8. En dernier lieu, si Mme D épouse E fait valoir qu'elle a besoin de disposer d'un passeport français pour lui permettre, d'une part, d'effectuer les déplacements professionnels qu'exige le développement de sa société, d'autre part, de rendre visite à ses parents, qui ont fui la Syrie pour F en 2013 et, enfin, de permettre à ses enfants de rendre visite à leur père aux G, il ne ressort pas des pièces du dossier que le ministre de l'intérieur aurait commis une erreur manifeste dans l'appréciation des conséquences de sa décision sur la situation de la requérante.
9. Il résulte de tout ce qui précède que Mme D épouse E n'est pas fondée à demander l'annulation de la décision du ministre de l'intérieur du 26 novembre 2020. Ses conclusions à fin d'injonction ne peuvent, par voie de conséquence, qu'être rejetées.

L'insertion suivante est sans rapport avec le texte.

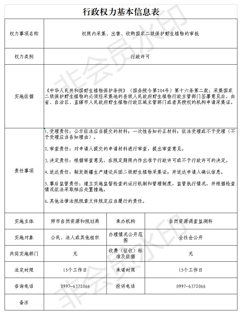 权限内采集、出售、收购国家二级保护野生植物的审批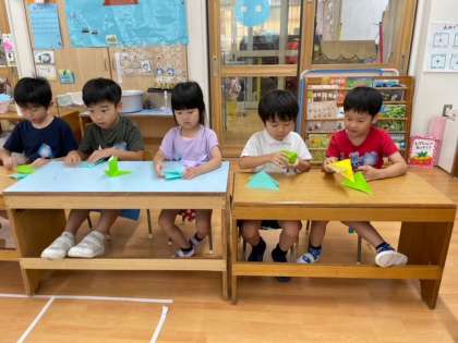 折り紙 公開日 2023/07/06 更新日 2023/07/06 うつぼ日記 5歳児うめ組は折り紙をしていました。先生の話をよく聞いて、折り紙をよく見てしっかり考えながら折っています。集中して取り組む姿はさすが年長組です。 いいね(0)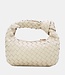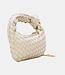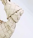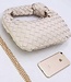 Diese cremefarbene Umhängetasche ist aus geflochtenem Kunstleder gefertigt und hat eine kompakte, abgerundete Form. Der kurze Henkel ist mit einem auffälligen Knopfdetail versehen, während die Oberseite mit einem goldfarbenen Reißverschluss verschlossen wird. Neben dem kurzen Griff verfügt dieses Modell über einen zusätzlichen abnehmbaren langen goldenen Kettengriff, sodass die Tasche auch als Umhängetasche getragen werden kann. Das geflochtene Muster verleiht der Tasche ein strukturiertes Aussehen, während die geschmeidige Verarbeitung für einen modernen Look sorgt.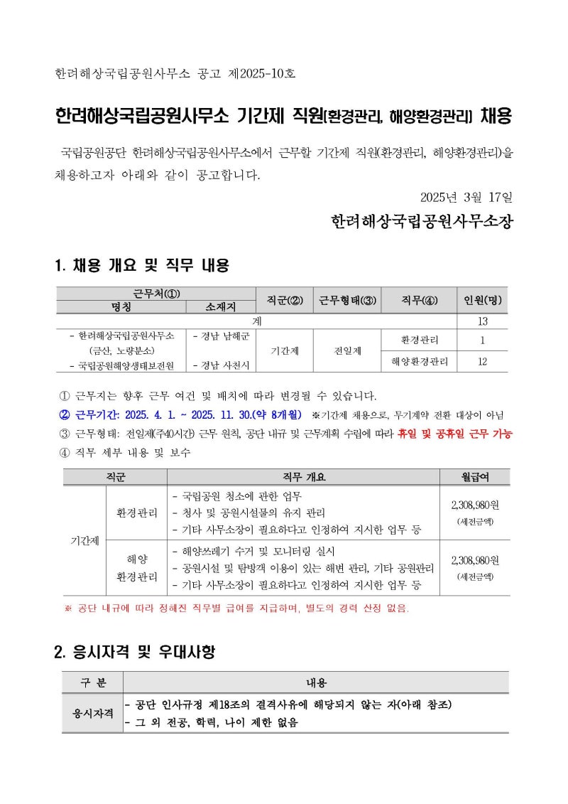 🔍 한려해상국립공원사무소 기간제근로자 (환경/해양관리) 주요 직무는?

Sur les frais liés au litige :
10. Les dispositions de l'article L. 761-1 du code de justice administrative font obstacle à ce qu'il soit mis à la charge de l'Etat, lequel n'est pas, dans la présente instance, la partie perdante, une somme au titre des frais exposés par la requérante et non compris dans les dépens.
DECIDE :
Article 1er : Le jugement du tribunal administratif de Nantes du 12 mars 2024 est annulé.

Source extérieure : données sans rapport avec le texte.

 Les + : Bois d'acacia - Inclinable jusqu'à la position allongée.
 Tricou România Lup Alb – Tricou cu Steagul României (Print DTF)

Article 2 : La demande présentée par Mme D épouse E devant le tribunal administratif de Nantes est rejetée.
Article 3 : Le présent arrêt sera notifié à Mme A D épouse E et au ministre d'Etat, ministre de l'intérieur.
Une copie en sera adressée, pour information, au préfet de l'Aube.
Délibéré après l'audience du 28 mars 2025, à laquelle siégeaient :
- M. Gaspon, président de chambre,
- M. Coiffet, président-assesseur,
- Mme Bougrine, première conseillère.
Rendu public par mise à disposition au greffe, le 15 avril 2025.
La rapporteure,
K. BougrineLe président,
O. Gaspon
La greffière,
I. Petton
La République mande et ordonne au ministre d'Etat, ministre de l'intérieur, en ce qui le concerne, et à tous commissaires de justice à ce requis en ce qui concerne les voies de droit commun contre les parties privées, de pourvoir à l'exécution de la présente décision.